Perhaps “true cloud licensing” licensing involves charging you for the number of business customers you interact with using your platform?

Does anything on the roadmap matter if there is any truth to these claims?

YOU are the only user of CF and your customers are using your own application which you use CF to serve over the web. At first, I also thought this was all a misunderstanding. I requested a meeting with CF Product Manager, Rakshith Naresh, hoping he would clarify the situation with Adobe sales people and explain to them how CF is used in a SaaS environment. But Abhishek from Account Management jumped on the call and explained their position.
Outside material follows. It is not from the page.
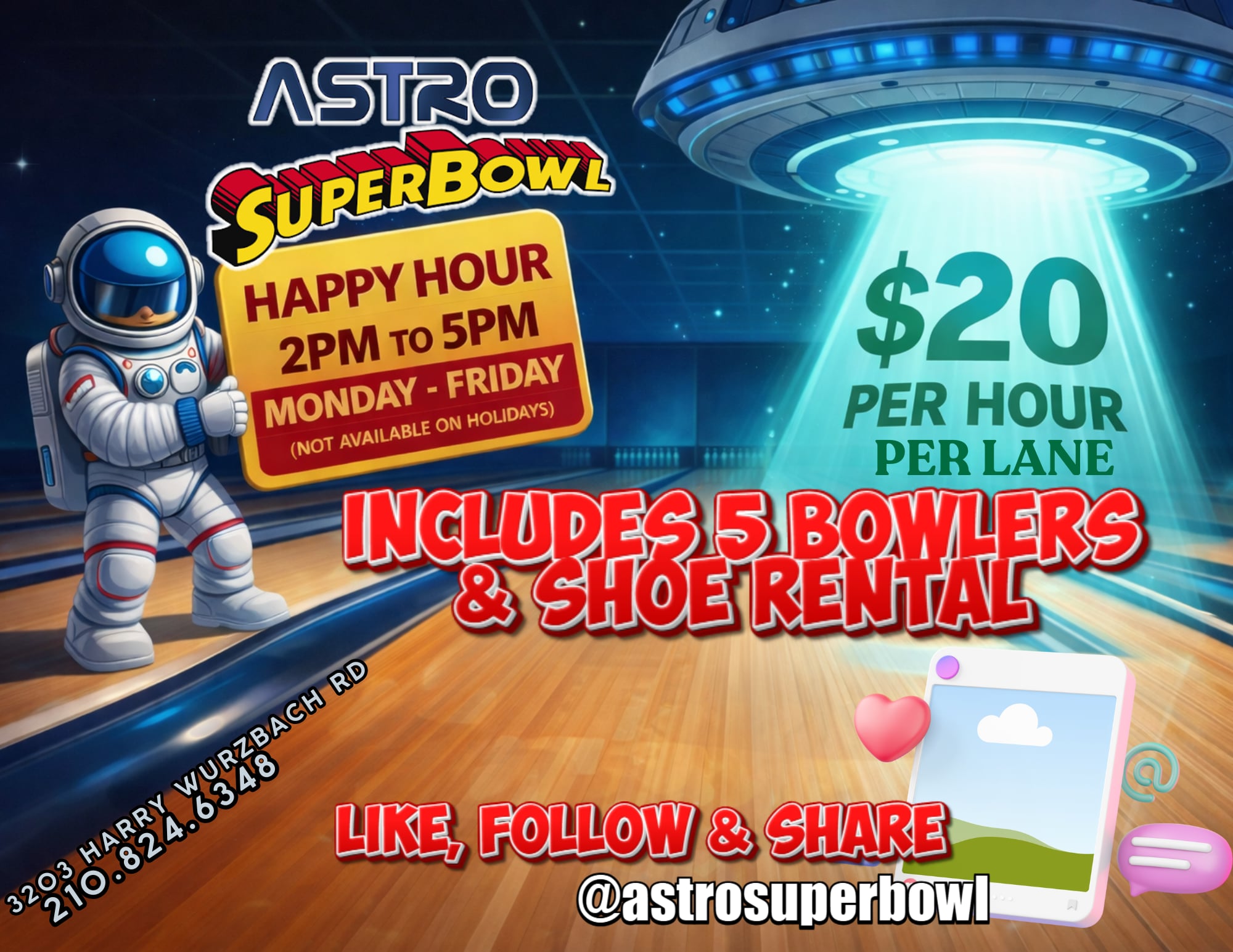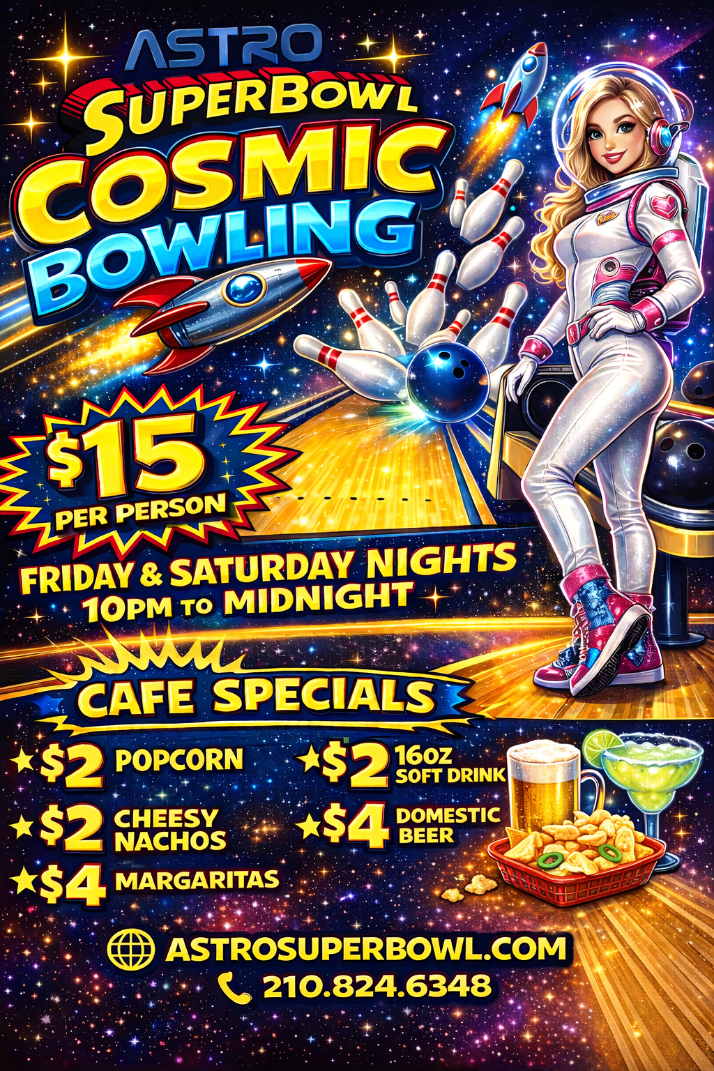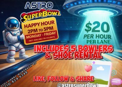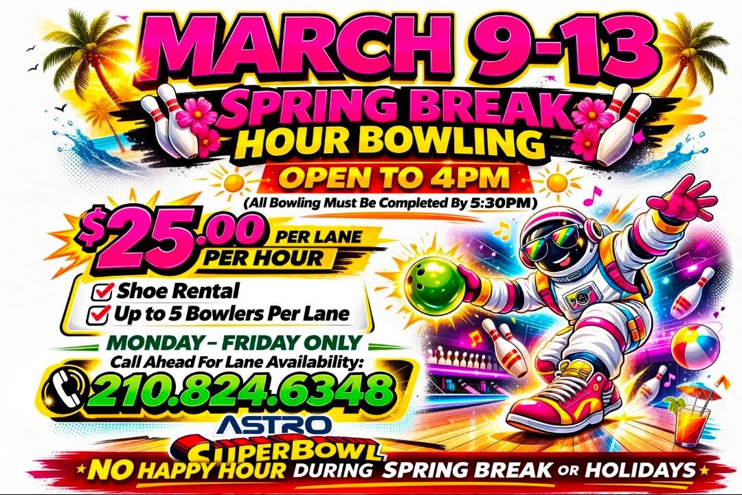 San Antonio’s Place to Bowl BOWLING ⋅ FOOD ⋅ DRINKS ⋅ PARTIES ⋅ AND MORE San Antonio's Premier Bowling Experience! With 44 lanes, a cafe serving the tastiest food, a full bar, and pro shop, we’ve got everything you need to have fun!

Any SaaS company serving other businesses is in breach of their perpetual license term, specifically 2.6.4 Prohibited Use clause. They are saying SaaS companies act as a “Service Bureau”. Abhishek try to reason with me explaining IF we had on-premise software and installed our software on each customer site instead of serving it over the web, each customer would have to buy Adobe CF. Therefore because we are serving our application over the web to multiple businesses instead of having them install Adobe CF on customer environment, Adobe is losing potential revenues. Hence the custom special agreement which they can charge whatever they want based on a secret algorithm they can’t share with you.
Adobe Support Community

1 Like

Yeah, Adobe is bloody insane with their Saas licensing push, which no doubt affects nearly every user of ACF who writes an app used by “other people”. If they keep that up, they won’t have any users left, because everyone will move to Lucee or another language entirely. I just hope it’s not a desperate attempt to make money if CF isn’t doing well as an Adobe product. (For everyone’s sake, it benefits the greater CF company when Adobe CF is doing well)

I used ACF Standard for years. I remember when Microsoft announced ASP and that it would be included in IIS.

I attempted to use it after it’s first release and found it buggy and wordy.

I believe that it was a major contributor to the loss of the ACF Customer Base. Free vs $$$.

Adobe has problems with all of their licensing models and has been changing a lot of them.

After using Lucee for the past two months, I really don’t see any reason to go back.

Does this hurt ACF? How does the existence of ACF benefit Lucee, and is Lucee not taking customers away from ACF?

Just curious

ACF benefits from Lucee and vice versa. Both benefit from an active development community.

A lot of big customers want a support contract which is what ACF brings to the table

Support contracts are only as good as the support they offer.

If anyone has tried to contact Adobe support in the last decade, they maybe disappointed.

Adobe is going after Fords marriage to AWS cloud services to become the “cloud car” provider by 2030. Since Adobe isn’t targeting Ford itself, its targeting all the VARS with richer sets of APIS that do not require you to hire a complete dev team and invest hundreds of thousands of dollars to get results.

In short, I think Adobe along with half of their offerings are going in the very wrong direction, as 40 percent of its revenue still is in the Government sector.